Microsoft announced the OpenAI end-to-end chat reference architecture baseline. This baseline includes information related to components, processes, and security, and also provides detailed information on performance, monitoring, and deployment guidelines. In addition, Microsoft has prepared a reference implementation for deploying and running the solution.
The OpenAI end-to-end chat architecture baseline utilizes components similar to those used in baseline app services Web applications for hosting chat UIs. The architecture prioritizes components used for orchestrating chat flows, data services, and accessing large language models (LLM). It uses Azure Machine Learning to train, deploy, and manage machine learning models, Azure Storage for storing prompt word flow source files, and Azure Container Registry to manage container images. Moreover, Azure OpenAI provides access to LLMs and enterprise features. Azure AI Search supports the search feature in chat applications, implementing the RAG pattern for query extraction and retrieval.
OpenAI End-to-End Chat Architecture Baseline (Source: Microsoft Blog)
The OpenAI end-to-end chat architecture baseline prioritizes network security and identity-based access. Key features include a secure entry point for chat UI traffic, filtered network traffic, and end-to-end encryption of data in transit using TLS. Data exposure is minimized through the use of Private Link.
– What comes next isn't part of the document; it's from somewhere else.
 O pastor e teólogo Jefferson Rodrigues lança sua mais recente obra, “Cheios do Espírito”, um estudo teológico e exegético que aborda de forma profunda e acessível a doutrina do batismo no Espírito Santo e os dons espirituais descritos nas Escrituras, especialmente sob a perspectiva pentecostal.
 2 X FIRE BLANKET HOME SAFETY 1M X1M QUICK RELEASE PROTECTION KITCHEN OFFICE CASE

Network resources are logically segmented and isolated, ensuring the robustness of network workflows. The architecture includes calls from the chat UI hosted by App Service being routed to online endpoints in Azure Machine Learning, and then the calls are directed to servers running deployment flows. Calls to Azure PaaS services are routed through hosted private endpoints to enhance security.
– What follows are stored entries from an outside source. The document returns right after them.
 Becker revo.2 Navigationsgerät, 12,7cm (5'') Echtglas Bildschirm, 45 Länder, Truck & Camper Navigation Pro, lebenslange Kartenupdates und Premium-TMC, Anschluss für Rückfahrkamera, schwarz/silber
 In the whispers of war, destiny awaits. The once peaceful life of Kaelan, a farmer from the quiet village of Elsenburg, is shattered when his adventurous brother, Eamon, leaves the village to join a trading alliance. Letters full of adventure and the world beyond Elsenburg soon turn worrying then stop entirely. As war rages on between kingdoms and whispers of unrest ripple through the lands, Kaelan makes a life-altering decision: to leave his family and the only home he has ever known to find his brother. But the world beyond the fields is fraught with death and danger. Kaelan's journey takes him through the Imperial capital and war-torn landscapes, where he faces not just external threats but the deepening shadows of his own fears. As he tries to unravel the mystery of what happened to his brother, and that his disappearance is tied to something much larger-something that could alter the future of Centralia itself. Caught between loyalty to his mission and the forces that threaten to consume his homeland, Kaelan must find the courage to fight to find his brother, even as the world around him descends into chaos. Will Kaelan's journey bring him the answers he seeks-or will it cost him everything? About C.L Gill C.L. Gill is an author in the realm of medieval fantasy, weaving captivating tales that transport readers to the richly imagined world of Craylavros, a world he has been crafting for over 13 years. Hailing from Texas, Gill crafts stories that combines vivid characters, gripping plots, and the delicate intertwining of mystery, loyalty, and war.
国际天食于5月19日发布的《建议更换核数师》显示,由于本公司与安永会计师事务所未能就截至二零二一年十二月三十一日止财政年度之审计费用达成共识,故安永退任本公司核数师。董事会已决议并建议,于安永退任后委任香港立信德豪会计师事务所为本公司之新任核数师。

The architecture restricts access to Azure Machine Learning workspaces to private endpoints, thereby improving security. Private endpoints are consistently used, allowing the chat UI hosted in App Services to connect securely to PaaS services.
The architecture establishes security measures at both the network and identity levels. Network boundaries only allow access to the chat UI via the internet, while identity boundaries ensure requests are authenticated and authorized. Access to Azure Machine Learning workspaces is managed through default roles (such as Data Scientist and Compute Operator) as well as roles specifically for workspace keys and registry access.
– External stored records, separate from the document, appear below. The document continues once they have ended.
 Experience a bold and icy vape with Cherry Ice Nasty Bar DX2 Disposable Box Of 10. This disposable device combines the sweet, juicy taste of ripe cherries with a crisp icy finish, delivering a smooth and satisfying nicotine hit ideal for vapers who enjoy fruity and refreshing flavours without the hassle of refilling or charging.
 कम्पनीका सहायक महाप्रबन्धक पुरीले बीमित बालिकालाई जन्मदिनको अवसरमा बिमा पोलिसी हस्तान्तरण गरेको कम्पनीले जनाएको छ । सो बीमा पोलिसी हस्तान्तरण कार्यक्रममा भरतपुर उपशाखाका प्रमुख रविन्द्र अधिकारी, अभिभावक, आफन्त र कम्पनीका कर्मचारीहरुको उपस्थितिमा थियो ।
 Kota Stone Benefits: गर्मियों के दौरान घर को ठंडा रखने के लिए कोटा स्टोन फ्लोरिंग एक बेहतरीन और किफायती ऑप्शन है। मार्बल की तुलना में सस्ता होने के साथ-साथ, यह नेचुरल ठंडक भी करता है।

Furthermore, Microsoft has also shared some recommendations and strategies for deployment. These include blue/green deployments or A/B testing, which can improve release and change assessments.
In terms of monitoring, besides Azure Machine Learning and Azure App Service, all services are set up to capture all logs. Azure Machine Learning diagnostics are configured to capture audit logs, which include all resource logs that record customer interactions with data or service settings. For Azure App Service, logging settings include AppServiceHTTPLogs, AppServiceConsoleLogs, AppServiceAppLogs, and AppServicePlatformLogs.
The Azure OpenAI service also provides content filtering to detect and prevent harmful content, including abuse monitoring to detect policy violations, although exemptions can be requested for sensitive data or legal compliance.
In a LinkedIn post, Balz Zuerrer asked if it was possible to build this solution on Azure AI Studio. Tobias Kluge replied:
As I understand it, this blueprint is for the security boundary of the entire application, including sensitive and user-related data. AI Studio can be used for testing, experiencing models, and some data, but it doesn’t specify how to build and deploy the entire application in a secure production environment.
Beyond this question, there were many positive comments below the post. Rishi Nikhilesh added:
It’s surprising that it’s built on the basis of network isolation and has disabled Azure ML workspaces on public endpoints. It’s interesting to see the application service maintain secure communication with the deployed ML tips and flow of communication.
For this kind of deployment scenario, Microsoft engineers have prepared areference implementation.
See the original text in English:
https://www.infoq.com/news/2024/02/chat-ref-arch-openai/
Disclaimer: This article is translated by InfoQ and is forbidden to be reproduced without permission.